### [EXERCISE]
Produce an exact copy of all the data below, dropping every image.

### [COLLECTED MATERIAL]
======
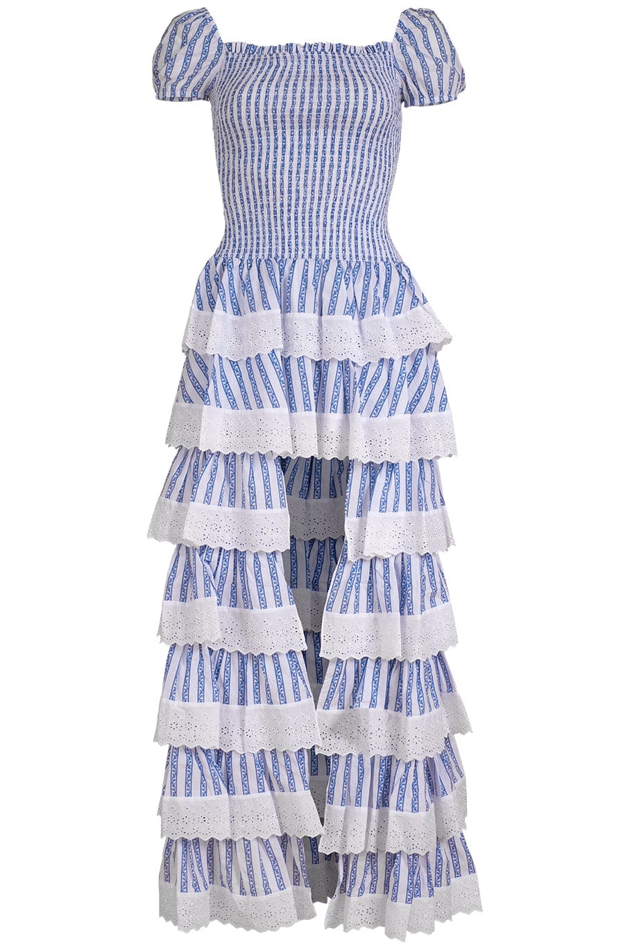 Caroline Constas keegan off the shoulder gown in white blue toile stripe.
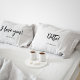 Celebrate love with this fun and modern couples pillowcase set, featuring the playful phrases “I love you!” and “Ditto!”. Designed with clean black typography on classic white, this matching set is perfect for couples who love simple, meaningful design with a touch of humour.
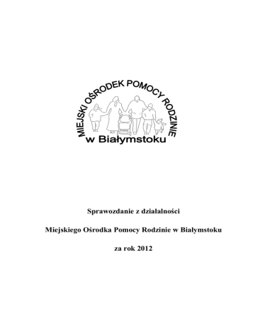 Sprawozdanie z działalności Miejskiego Ośrodka Pomocy Rodzinie w Białymstoku za rok 2012 Spis treści Wstęp .............................................................................................................................................................. I. POMOC OSOBOM I RODZINOM BĘDĄCYM W TRUDNEJ SYTUACJI ŻYCIOWEJ ................ 1. Przyczyny korzystania z pomocy społecznej .................................................................................... 2. Działalność decyzyjna Ośrodka ........................................................................................................ 3. Świadczenia z pomocy społecznej ……………………………………………………………….. 3.1. Zadania własne gminy ...................................................................................................................... 3.1.1. Świadczenia pieniężne ………………………………………………………………………. 3.1.2. Składki na ubezpieczenie zdrowotne ………………………………………………………... 3.1.3. Pomoc państwa w zakresie dożywiania ..................................................................................... 3.1.4. Usługi opiekuńcze i specjalistyczne usługi opiekuńcze ............................................................. 3.1.5. Gminny program osłonowy........................................................................................................ 3.1.6. Praca socjalna ............................................................................................................................ 3.2. Zadania zlecone z zakresu administracji rządowej realizowane przez gminę .................................. 3.2.1. Specjalistyczne usługi opiekuńcze, w miejscu zamieszkania dla osób z zaburzeniami psychicznymi ............................................................................................................................ 3.3. Zadania własne powiatu .................................................................................................................... 3.3.1. Poradnictwo specjalistyczne ..................................................................................................... 3.3.2. Domy pomocy społecznej ......................................................................................................... 3.3.3. Ośrodek Interwencji Kryzysowej ............................................................................................... 3.4. Zadania z zakresu administracji rządowej realizowane przez powiat .............................................. 3.4.1. Środowiskowy Dom Samopomocy ........................................................................................... 4. Wspieranie rodziny i system pieczy zastępczej ................................................................................ 4.1. Asystent rodziny ............................................................................................................................... 4.2. Rodziny Zastępcze ............................................................................................................................ 4.3. Usamodzielnianie wychowanków .................................................................................................... 4.4. Mieszkania chronione ....................................................................................................................... 4.5. Kierowanie do placówek ................................................................................................................... 4.6. Zadanie realizowane przez MOPR w Białymstoku, jako organizatora rodzinnej pieczy zastępczej II. ŚWIADCZENIA OPIEKI ZDROWOTNEJ FINANSOWANE ZE ŚRODKÓW PUBLICZNYCH .... III. DZIAŁANIA AKTYWIZACYJNE I REINTEGRACYJNE OSÓB I RODZIN .................................. 1. Pomoc osobom bezrobotnym i nieaktywnym zawodowo zagrożonym wykluczeniem społecznym. 2. Pomoc osobom bezdomnym i zagrożonym bezdomnością………………………………………… 3. Pomoc osobom doznającym przemocy w rodzinie oraz osobom stosującym przemoc .................... 4. Pomoc osobom i rodzinom, w których występuje uzależnienie od alkoholu ................................... 5. Pomoc cudzoziemcom ...................................................................................................................... 6. Działania na rzecz społeczności romskiej ......................................................................................... 7. Pomoc osobom niepełnosprawnym .................................................................................................. 8. Pomoc osobom starszym .................................................................................................................. 9. Pomoc osobom mającym trudności w przystosowaniu się do życia po zwolnieniu z zakładu karnego ............................................................................................................................................. IV. REHABILITACJA SPOŁECZNA OSÓB NIEPEŁNOSPRAWNYCH .......................................... V. REALIZACJA ZADAŃ Z ZAKRESU USTAWY O ŚWIADCZENIACH RODZINNYCH, O POMOCY OSOBOM UPRAWNIONYM DO ALIMENTÓW ORAZ O DODATKACH MIESZKANIOWYCH ....................................................................................... 1. Świadczenia rodzinne ....................................................................................................................... 2. Fundusz alimentacyjny i dłużnicy alimentacyjni .............................................................................. 2.1. Fundusz alimentacyjny ..................................................................................................................... 2.2. Dłużnicy alimentacyjni ...............................................................................................
======
### [WRITTEN RESPONSE]
 Caroline Constas keegan off the shoulder gown in white blue toile stripe.
 Celebrate love with this fun and modern couples pillowcase set, featuring the playful phrases “I love you!” and “Ditto!”. Designed with clean black typography on classic white, this matching set is perfect for couples who love simple, meaningful design with a touch of humour.
 Sprawozdanie z działalności Miejskiego Ośrodka Pomocy Rodzinie w Białymstoku za rok 2012 Spis treści Wstęp .............................................................................................................................................................. I. POMOC OSOBOM I RODZINOM BĘDĄCYM W TRUDNEJ SYTUACJI ŻYCIOWEJ ................ 1. Przyczyny korzystania z pomocy społecznej .................................................................................... 2. Działalność decyzyjna Ośrodka ........................................................................................................ 3. Świadczenia z pomocy społecznej ……………………………………………………………….. 3.1. Zadania własne gminy ...................................................................................................................... 3.1.1. Świadczenia pieniężne ………………………………………………………………………. 3.1.2. Składki na ubezpieczenie zdrowotne ………………………………………………………... 3.1.3. Pomoc państwa w zakresie dożywiania ..................................................................................... 3.1.4. Usługi opiekuńcze i specjalistyczne usługi opiekuńcze ............................................................. 3.1.5. Gminny program osłonowy........................................................................................................ 3.1.6. Praca socjalna ............................................................................................................................ 3.2. Zadania zlecone z zakresu administracji rządowej realizowane przez gminę .................................. 3.2.1. Specjalistyczne usługi opiekuńcze, w miejscu zamieszkania dla osób z zaburzeniami psychicznymi ............................................................................................................................ 3.3. Zadania własne powiatu .................................................................................................................... 3.3.1. Poradnictwo specjalistyczne ..................................................................................................... 3.3.2. Domy pomocy społecznej ......................................................................................................... 3.3.3. Ośrodek Interwencji Kryzysowej ............................................................................................... 3.4. Zadania z zakresu administracji rządowej realizowane przez powiat .............................................. 3.4.1. Środowiskowy Dom Samopomocy ........................................................................................... 4. Wspieranie rodziny i system pieczy zastępczej ................................................................................ 4.1. Asystent rodziny ............................................................................................................................... 4.2. Rodziny Zastępcze ............................................................................................................................ 4.3. Usamodzielnianie wychowanków .................................................................................................... 4.4. Mieszkania chronione ....................................................................................................................... 4.5. Kierowanie do placówek ................................................................................................................... 4.6. Zadanie realizowane przez MOPR w Białymstoku, jako organizatora rodzinnej pieczy zastępczej II. ŚWIADCZENIA OPIEKI ZDROWOTNEJ FINANSOWANE ZE ŚRODKÓW PUBLICZNYCH .... III. DZIAŁANIA AKTYWIZACYJNE I REINTEGRACYJNE OSÓB I RODZIN .................................. 1. Pomoc osobom bezrobotnym i nieaktywnym zawodowo zagrożonym wykluczeniem społecznym. 2. Pomoc osobom bezdomnym i zagrożonym bezdomnością………………………………………… 3. Pomoc osobom doznającym przemocy w rodzinie oraz osobom stosującym przemoc .................... 4. Pomoc osobom i rodzinom, w których występuje uzależnienie od alkoholu ................................... 5. Pomoc cudzoziemcom ...................................................................................................................... 6. Działania na rzecz społeczności romskiej ......................................................................................... 7. Pomoc osobom niepełnosprawnym .................................................................................................. 8. Pomoc osobom starszym .................................................................................................................. 9. Pomoc osobom mającym trudności w przystosowaniu się do życia po zwolnieniu z zakładu karnego ............................................................................................................................................. IV. REHABILITACJA SPOŁECZNA OSÓB NIEPEŁNOSPRAWNYCH .......................................... V. REALIZACJA ZADAŃ Z ZAKRESU USTAWY O ŚWIADCZENIACH RODZINNYCH, O POMOCY OSOBOM UPRAWNIONYM DO ALIMENTÓW ORAZ O DODATKACH MIESZKANIOWYCH ....................................................................................... 1. Świadczenia rodzinne ....................................................................................................................... 2. Fundusz alimentacyjny i dłużnicy alimentacyjni .............................................................................. 2.1. Fundusz alimentacyjny ..................................................................................................................... 2.2. Dłużnicy alimentacyjni ...............................................................................................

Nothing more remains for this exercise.